Page 42 ここがワタシの楽園よ
「ごめんなさいね坊や。わたし…冗談は好きだけど。おちょくられるのは嫌いなのよ。」
拳を叩き込んだ相手にセルケトは諭すように話しかける。聞けるような状態にとどめることのない容赦のない一撃のはずだったが、彼女の拳には違和感があった。
「意外に魔人の一撃って軽いんだね。」
よく見ると拳と少年の間に水がまるでスライムのように集まり、その塊の中に入り込んだ拳はすんでのところで止まり、攻撃を遮っていたのだった。
「ふ〜ん。そういうのは嫌いじゃないわよ。」
セルケトは拳を水の中から引き出すと男の魔族が近づき、タオルを手渡す。
「まぁ、いいわ。話は聞きましょう。ついてらっしゃい。」
手を拭い、タオルを魔族に返すと丘の方へとセルケトは歩き出し、二人もそれに続いた。そしてしばらく歩くと白を基調とした大きな屋敷に着く。
「帰ったわよ。開けてちょうだい。」
セルケトが手を鳴らすと屋敷の扉は開く。そこにはビーチにいたような魔族と正反対のメイド服と燕尾服を着た何十人もの魔族が彼らを出迎えた。
「おかえりなさいませ。セルケト様。」
扉の近くにいたメイド服の魔族が三人に飲み物を渡す。
「お腹が空いたわ。話は食べながらしましょう。」
そう言うとセルケトは空になったグラスを返し、屋敷の奥へと歩いていき、二人もついていき、食堂へとたどり着いた。そして使用人たちに席まで案内された。
「やっぱり海で遊んだあとはこれよね。」
セルケトは焼かれた肉を頬張る。メレーナ達の前にも出されたが二人は手を付けていなかった。
「どうしたのよ?毒なんて入ってないわよ。」
セルケトが食べ終え、近くのナプキンで口の周りを拭きながら話す。
「それで…この島を明け渡すかどうか決めたのか?」
ワダツミはグラスを回しながら問いかける。
「坊や?悪いけどそれは飲めない話ね。そんなことよりここでゆっくり遊んで行きなさいよ。山には大きな虫も捕れるわよ。」
セルケトはワダツミには目もくれずグラスを取り、ワインを口に運ぶ。その様子にワダツミが怒り出しそうなのを察してメレーナが間に入る。

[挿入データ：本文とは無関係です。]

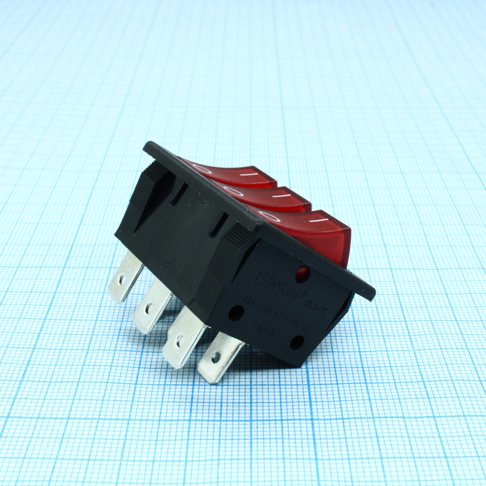 RK1-37 1X1X3 B/R"0-", Выключатель клавишный ON-OFF без подсветки цвет корпуса (черный) цвет кнопки (красный)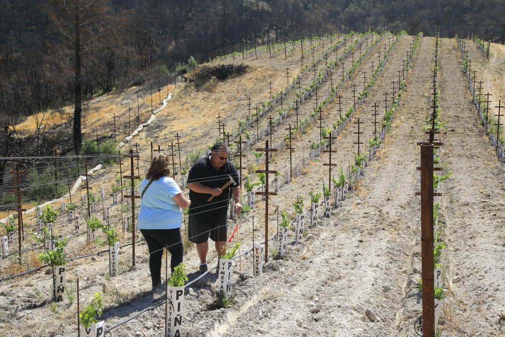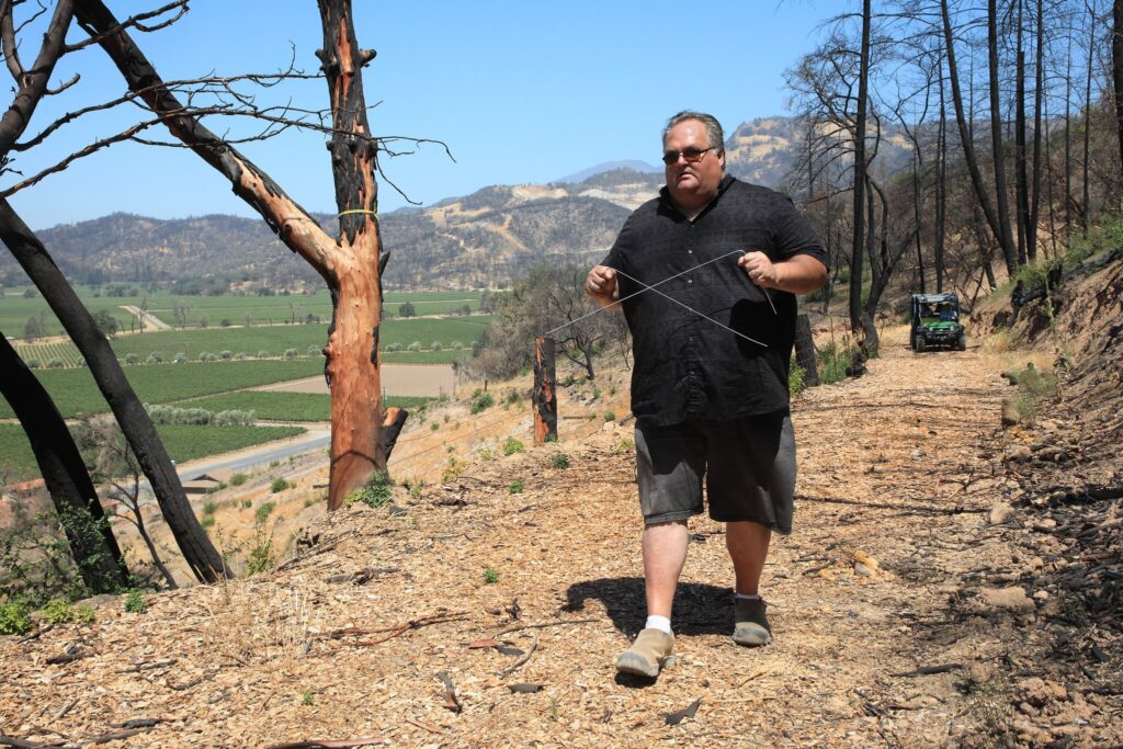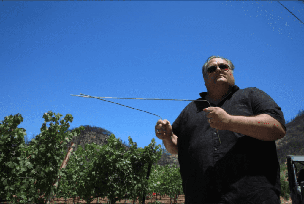 CALISTOGA — In a vineyard flanked by scorched hills and charcoal trees, Rob Thompson gripped two stainless steel rods, began rotating in a circle, and counted under his breath.

「セルケト様。これは魔王様たっての作戦のためなのですわ。住まいは別に用意しますので。」
「魔王の…。あまり聞きたい名前じゃないわね。」
一瞬、部屋の空気が張り詰める。そしてセルケトは言葉を続ける。
「あの魔王が何をしようがワタシには関係ないのだけれど…。その作戦とやらを教えてもらえるかしら。」
ワダツミが小さくため息をした後に、仕方ないなという雰囲気で答え始めた。
「自分を倒す為の下準備だよ。」
その言葉にセルケトは俄然興味を示すのだった。